*** Record extracts Section Begins ***

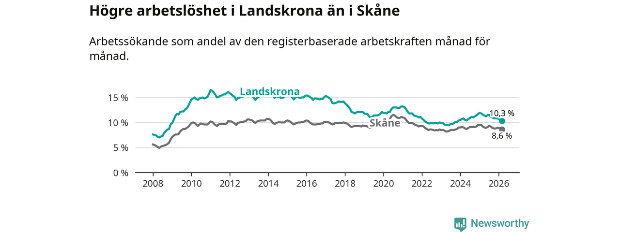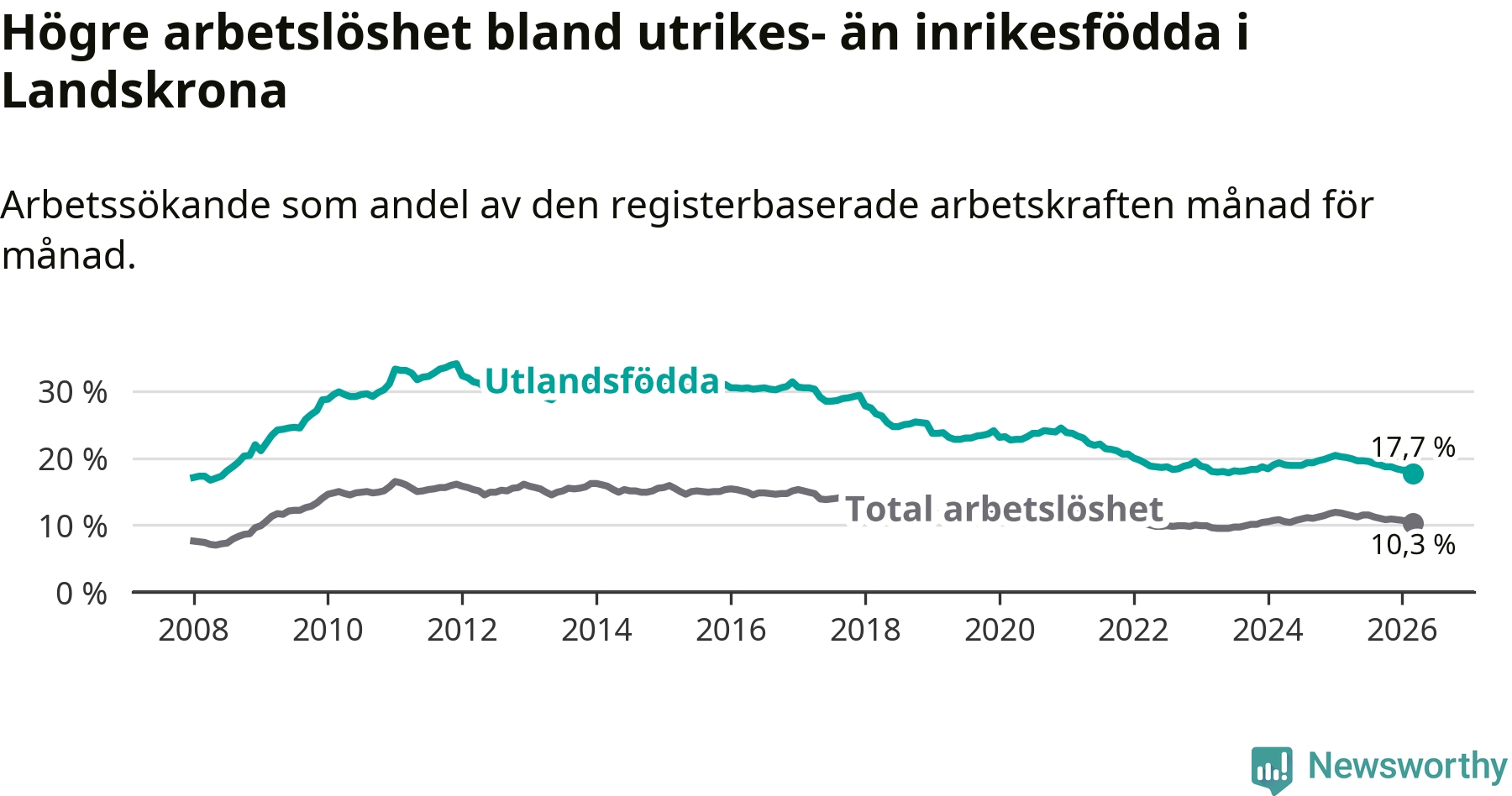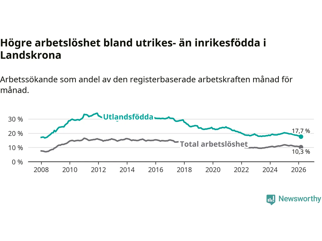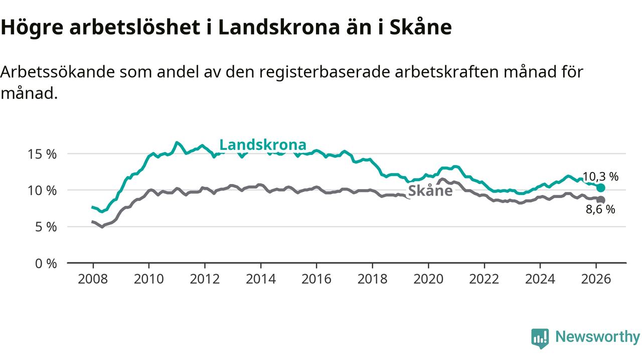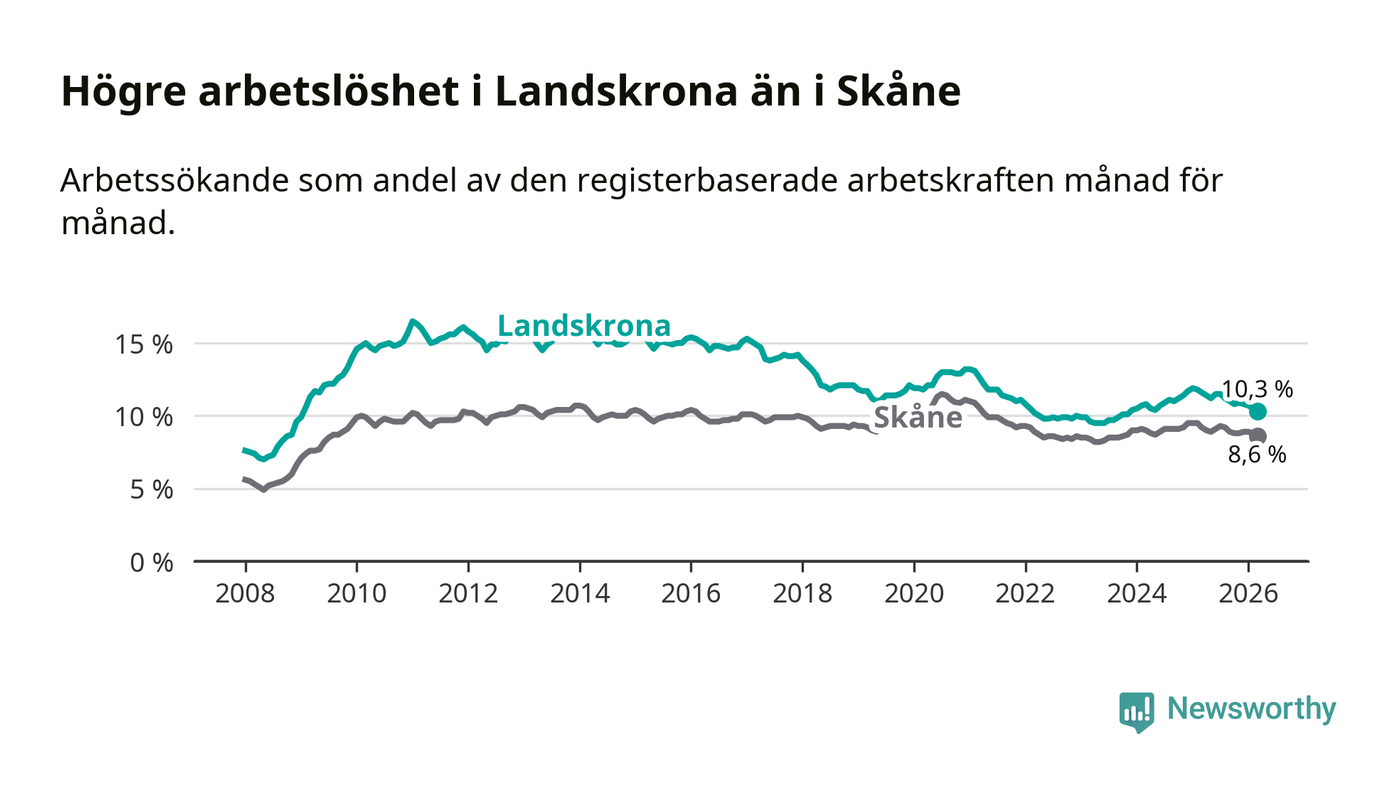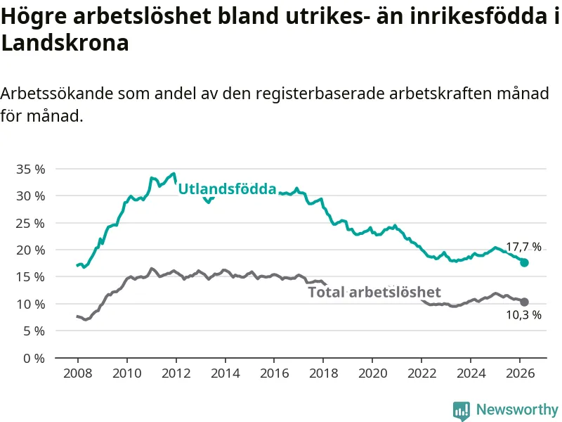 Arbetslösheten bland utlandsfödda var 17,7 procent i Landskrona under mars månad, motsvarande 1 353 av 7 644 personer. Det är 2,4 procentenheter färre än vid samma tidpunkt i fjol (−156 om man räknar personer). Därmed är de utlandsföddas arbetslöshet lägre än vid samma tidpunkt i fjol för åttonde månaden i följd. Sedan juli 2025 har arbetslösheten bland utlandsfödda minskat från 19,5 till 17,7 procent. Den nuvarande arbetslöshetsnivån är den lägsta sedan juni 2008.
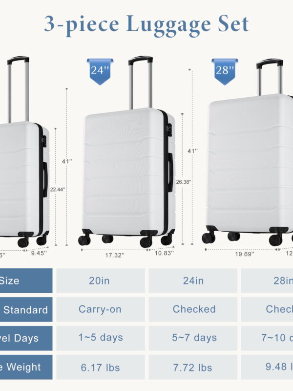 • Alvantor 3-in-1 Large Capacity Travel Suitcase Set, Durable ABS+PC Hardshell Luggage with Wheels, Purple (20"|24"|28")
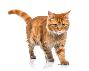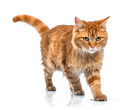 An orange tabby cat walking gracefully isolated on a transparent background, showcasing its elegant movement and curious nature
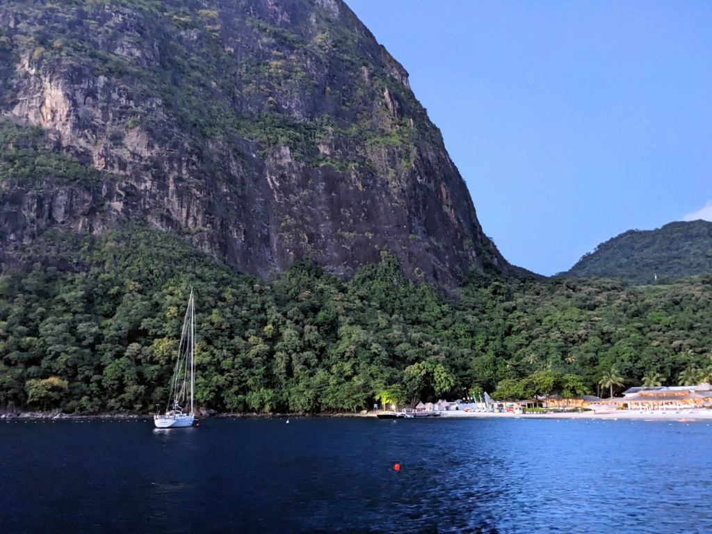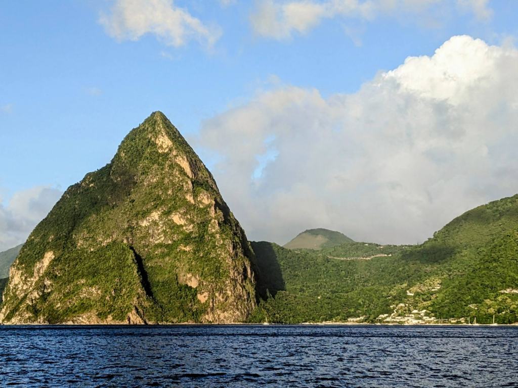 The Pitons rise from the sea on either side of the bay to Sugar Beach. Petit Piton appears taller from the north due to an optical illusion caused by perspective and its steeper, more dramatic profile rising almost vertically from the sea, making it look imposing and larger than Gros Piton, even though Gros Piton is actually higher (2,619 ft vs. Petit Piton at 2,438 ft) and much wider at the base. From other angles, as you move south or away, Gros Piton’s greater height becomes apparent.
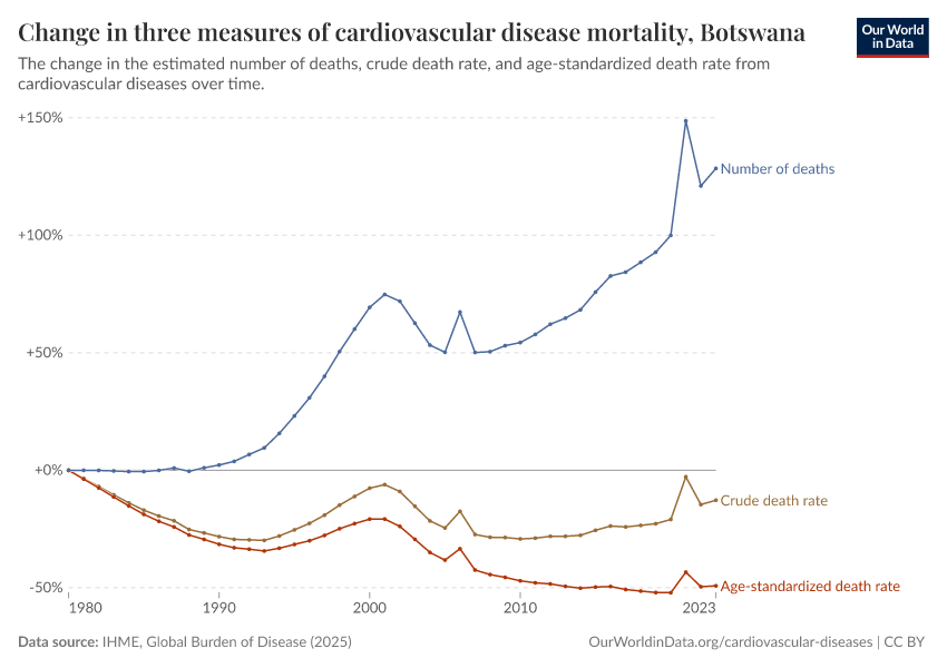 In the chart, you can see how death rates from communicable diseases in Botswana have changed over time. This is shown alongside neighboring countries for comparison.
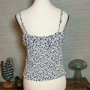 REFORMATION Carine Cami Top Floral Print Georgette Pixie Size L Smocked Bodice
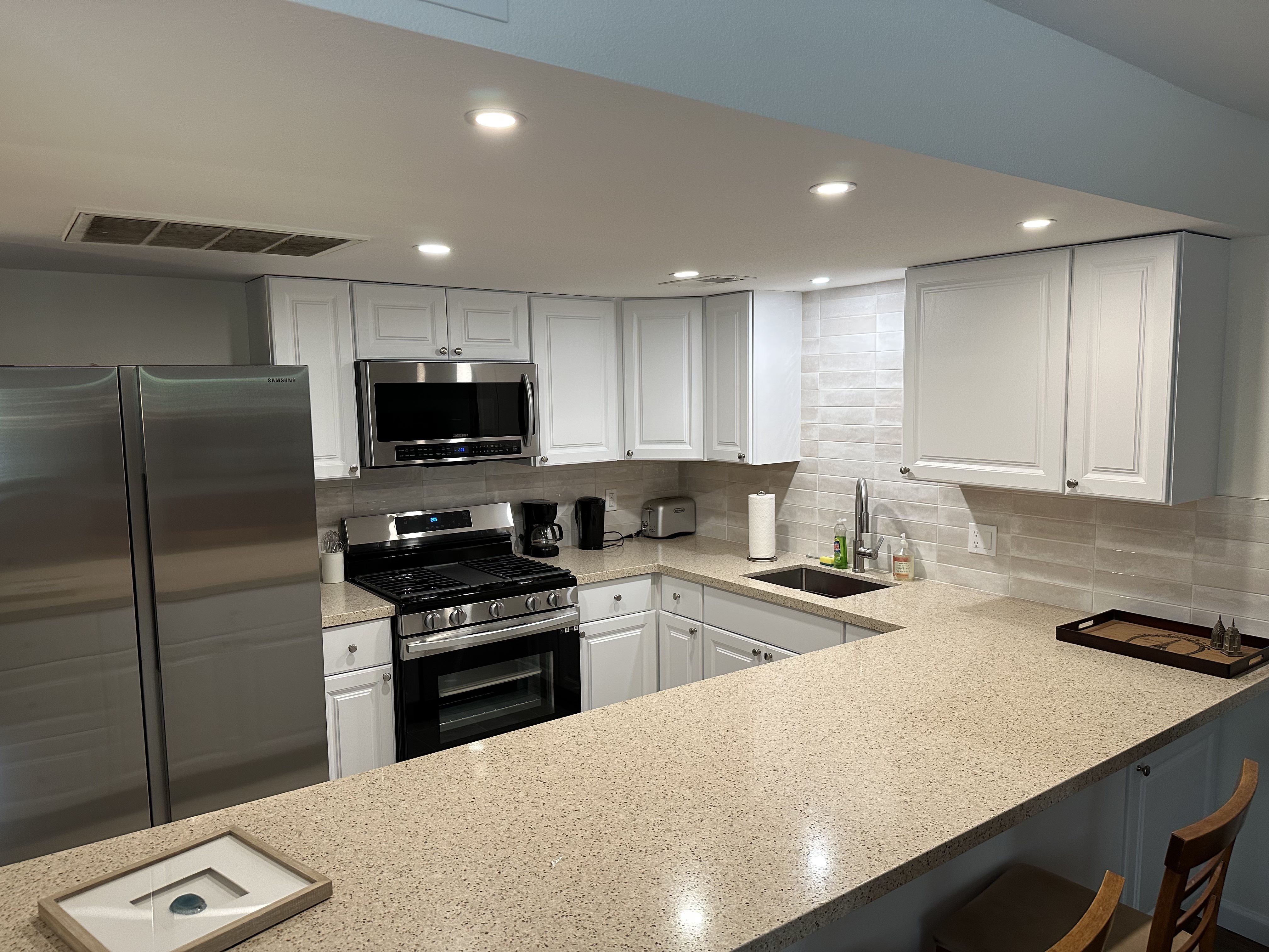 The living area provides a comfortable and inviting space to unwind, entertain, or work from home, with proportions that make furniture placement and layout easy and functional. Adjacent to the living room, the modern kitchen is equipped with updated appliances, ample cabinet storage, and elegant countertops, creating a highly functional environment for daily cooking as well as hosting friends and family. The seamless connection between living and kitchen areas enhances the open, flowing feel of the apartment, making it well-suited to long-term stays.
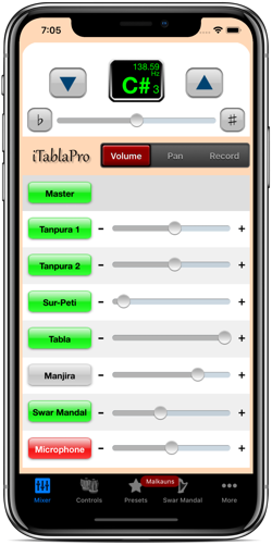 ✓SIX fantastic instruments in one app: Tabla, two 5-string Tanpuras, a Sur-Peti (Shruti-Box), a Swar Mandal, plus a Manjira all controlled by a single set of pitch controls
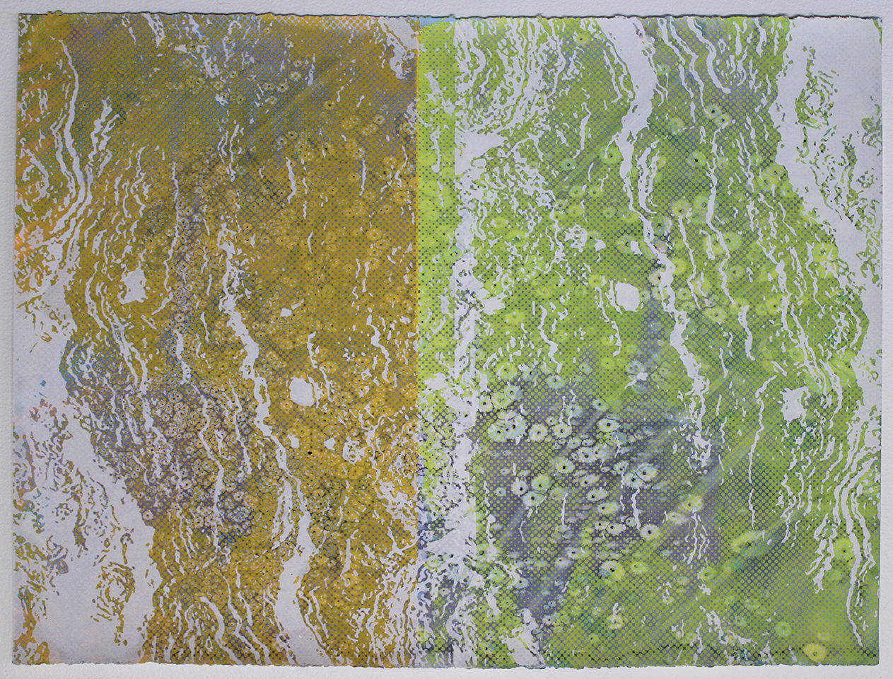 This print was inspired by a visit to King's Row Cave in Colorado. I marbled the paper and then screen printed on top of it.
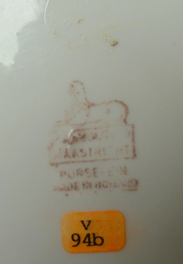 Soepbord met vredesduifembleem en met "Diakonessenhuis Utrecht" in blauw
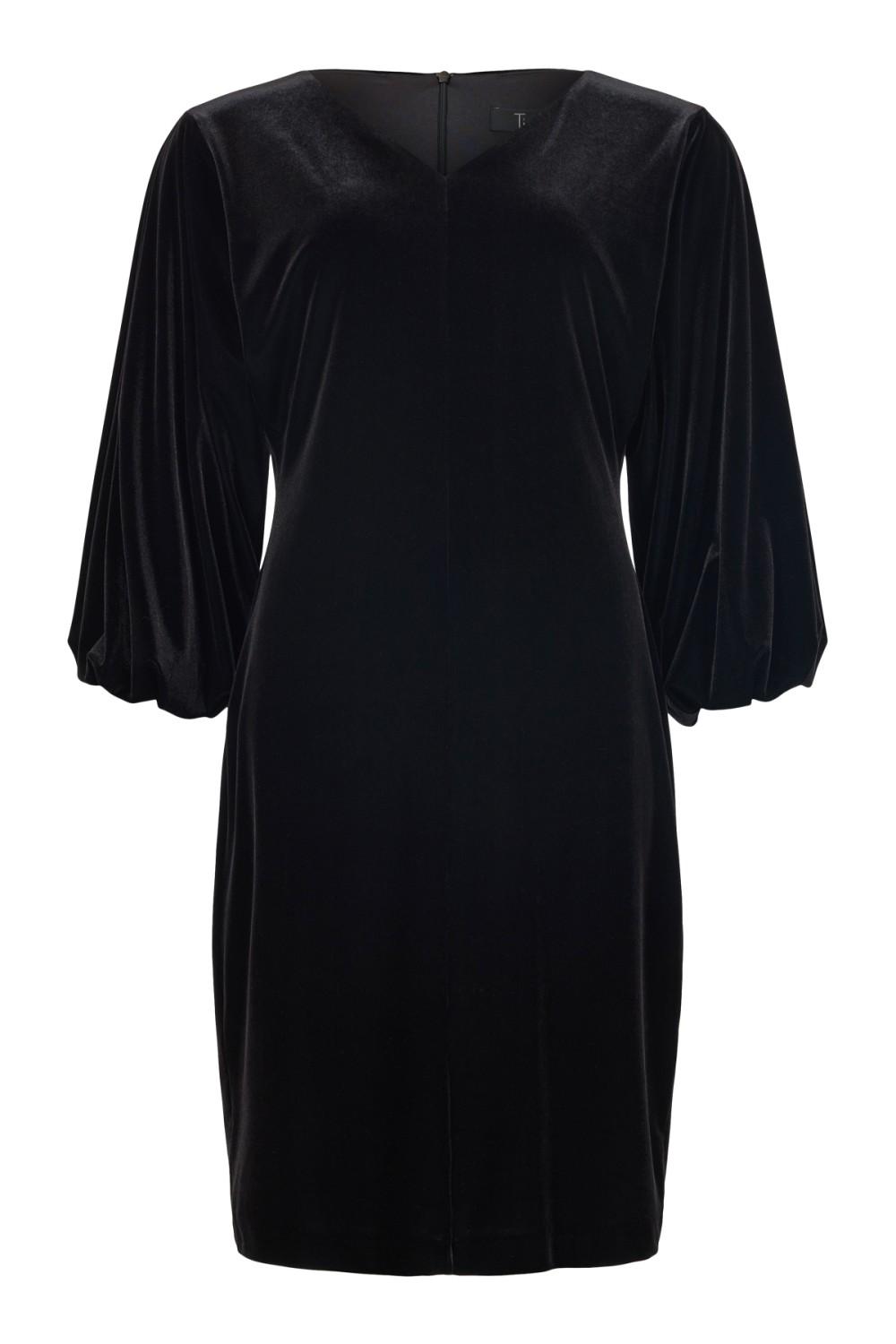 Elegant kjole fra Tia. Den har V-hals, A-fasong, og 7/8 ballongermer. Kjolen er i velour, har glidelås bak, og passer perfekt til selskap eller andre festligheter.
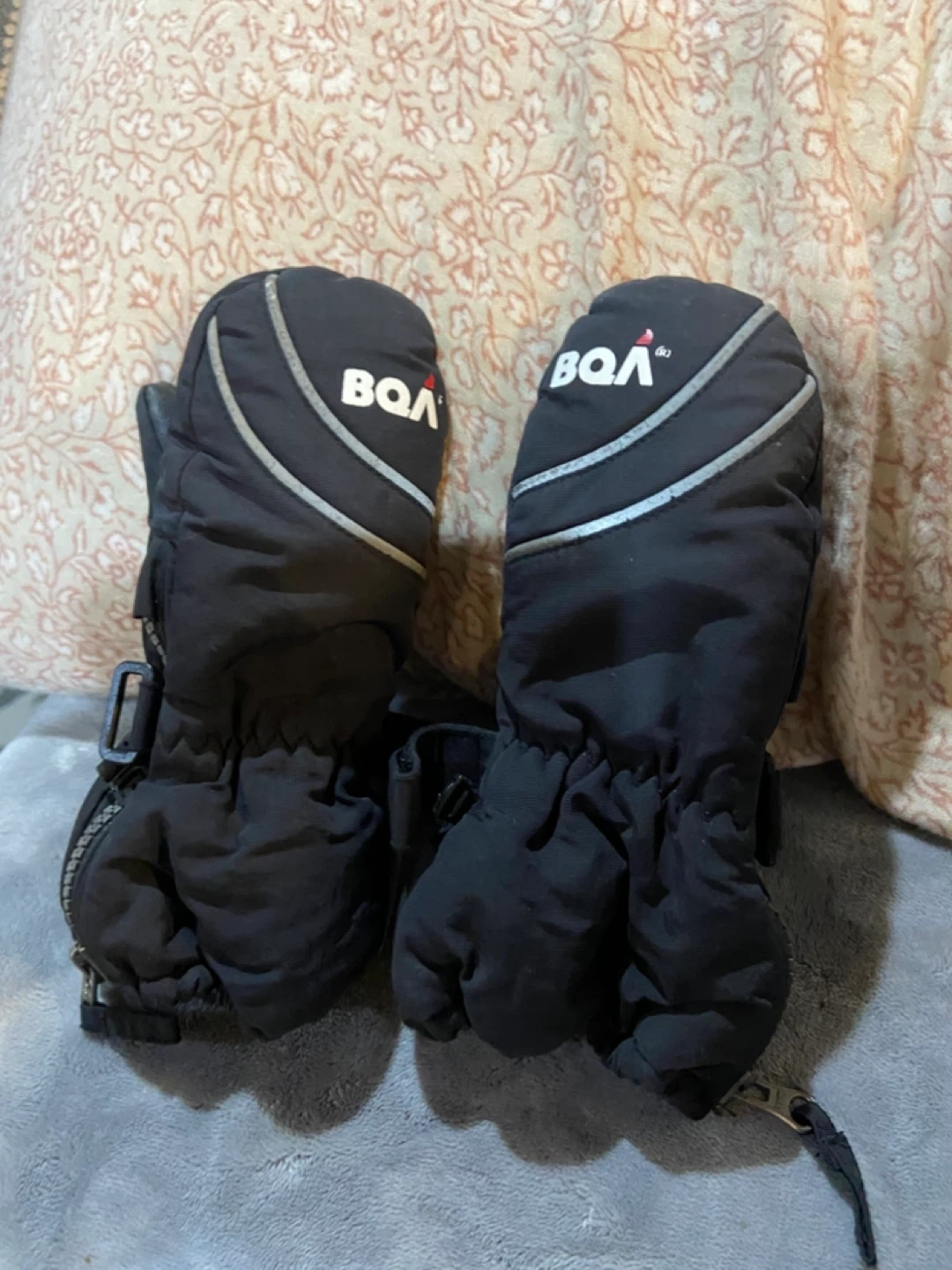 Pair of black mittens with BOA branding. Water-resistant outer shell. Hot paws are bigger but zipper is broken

*** Record extracts Section Ends ***

## [Work instruction]
Among the records above, locate the line containing "Alvantor 3-in-1 Large" and the line containing "An orange tabby", then transcribe exactly the lines starting at the first and ending at the second, with no pictures.

## [Solution to this task]
 • Alvantor 3-in-1 Large Capacity Travel Suitcase Set, Durable ABS+PC Hardshell Luggage with Wheels, Purple (20"|24"|28")
 An orange tabby cat walking gracefully isolated on a transparent background, showcasing its elegant movement and curious nature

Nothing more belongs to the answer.